Material provided START

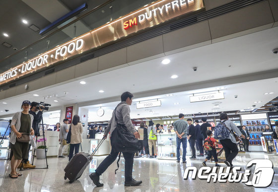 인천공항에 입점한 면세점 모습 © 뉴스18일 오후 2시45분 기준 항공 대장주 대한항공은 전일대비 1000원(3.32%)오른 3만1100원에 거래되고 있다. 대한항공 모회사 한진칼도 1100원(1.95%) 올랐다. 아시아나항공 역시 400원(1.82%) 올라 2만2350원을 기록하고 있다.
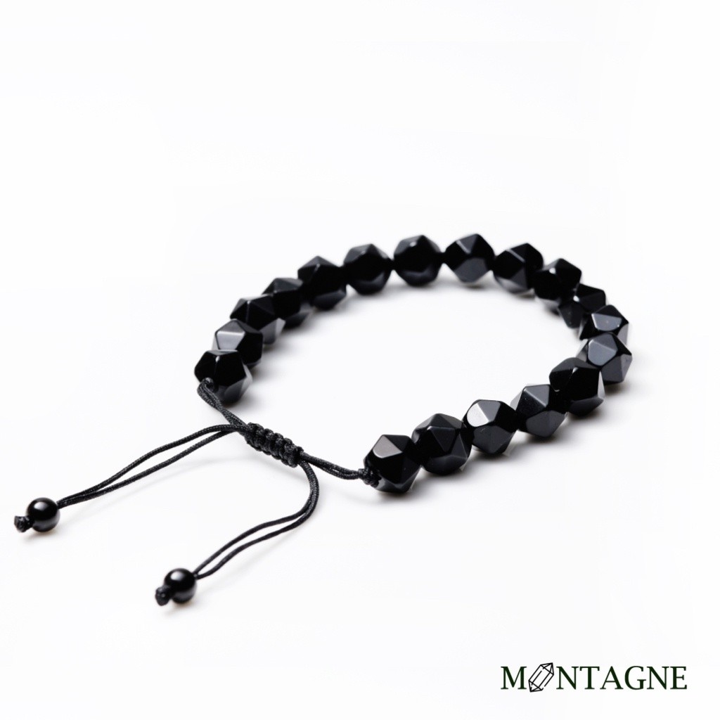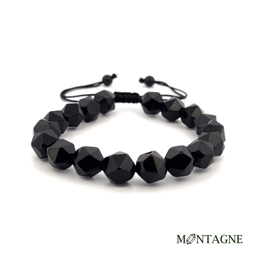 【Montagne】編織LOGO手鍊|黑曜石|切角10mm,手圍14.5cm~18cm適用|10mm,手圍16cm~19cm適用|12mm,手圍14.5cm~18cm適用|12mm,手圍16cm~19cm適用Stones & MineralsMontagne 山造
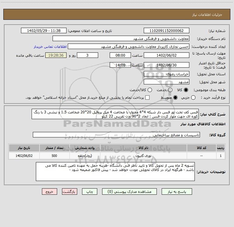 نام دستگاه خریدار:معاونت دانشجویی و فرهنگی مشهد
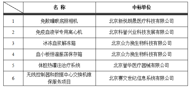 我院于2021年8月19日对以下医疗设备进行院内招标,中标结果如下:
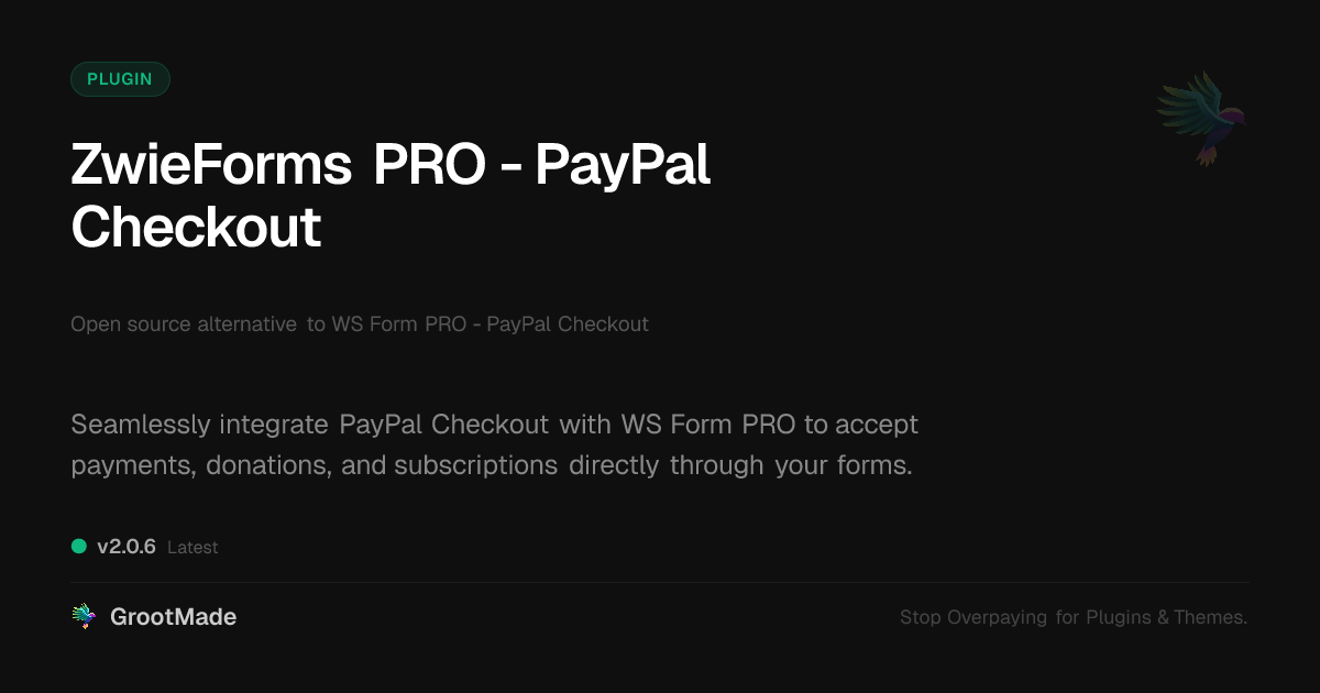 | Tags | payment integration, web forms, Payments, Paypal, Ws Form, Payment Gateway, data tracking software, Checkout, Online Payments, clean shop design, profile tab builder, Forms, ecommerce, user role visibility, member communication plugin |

Material provided END
Material provided START

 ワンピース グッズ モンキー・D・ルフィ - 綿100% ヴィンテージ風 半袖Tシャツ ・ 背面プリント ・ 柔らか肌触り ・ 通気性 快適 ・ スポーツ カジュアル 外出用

Material provided END

_Task prompt_:
From the records above, output only the lines starting at the one containing "인천공항에 입점한 면세점" and ending at the one containing "communication plugin |", word for word. Pictures stay out.

_Task result_:
 인천공항에 입점한 면세점 모습 © 뉴스18일 오후 2시45분 기준 항공 대장주 대한항공은 전일대비 1000원(3.32%)오른 3만1100원에 거래되고 있다. 대한항공 모회사 한진칼도 1100원(1.95%) 올랐다. 아시아나항공 역시 400원(1.82%) 올라 2만2350원을 기록하고 있다.
 【Montagne】編織LOGO手鍊|黑曜石|切角10mm,手圍14.5cm~18cm適用|10mm,手圍16cm~19cm適用|12mm,手圍14.5cm~18cm適用|12mm,手圍16cm~19cm適用Stones & MineralsMontagne 山造
 نام دستگاه خریدار:معاونت دانشجویی و فرهنگی مشهد
 我院于2021年8月19日对以下医疗设备进行院内招标,中标结果如下:
 | Tags | payment integration, web forms, Payments, Paypal, Ws Form, Payment Gateway, data tracking software, Checkout, Online Payments, clean shop design, profile tab builder, Forms, ecommerce, user role visibility, member communication plugin |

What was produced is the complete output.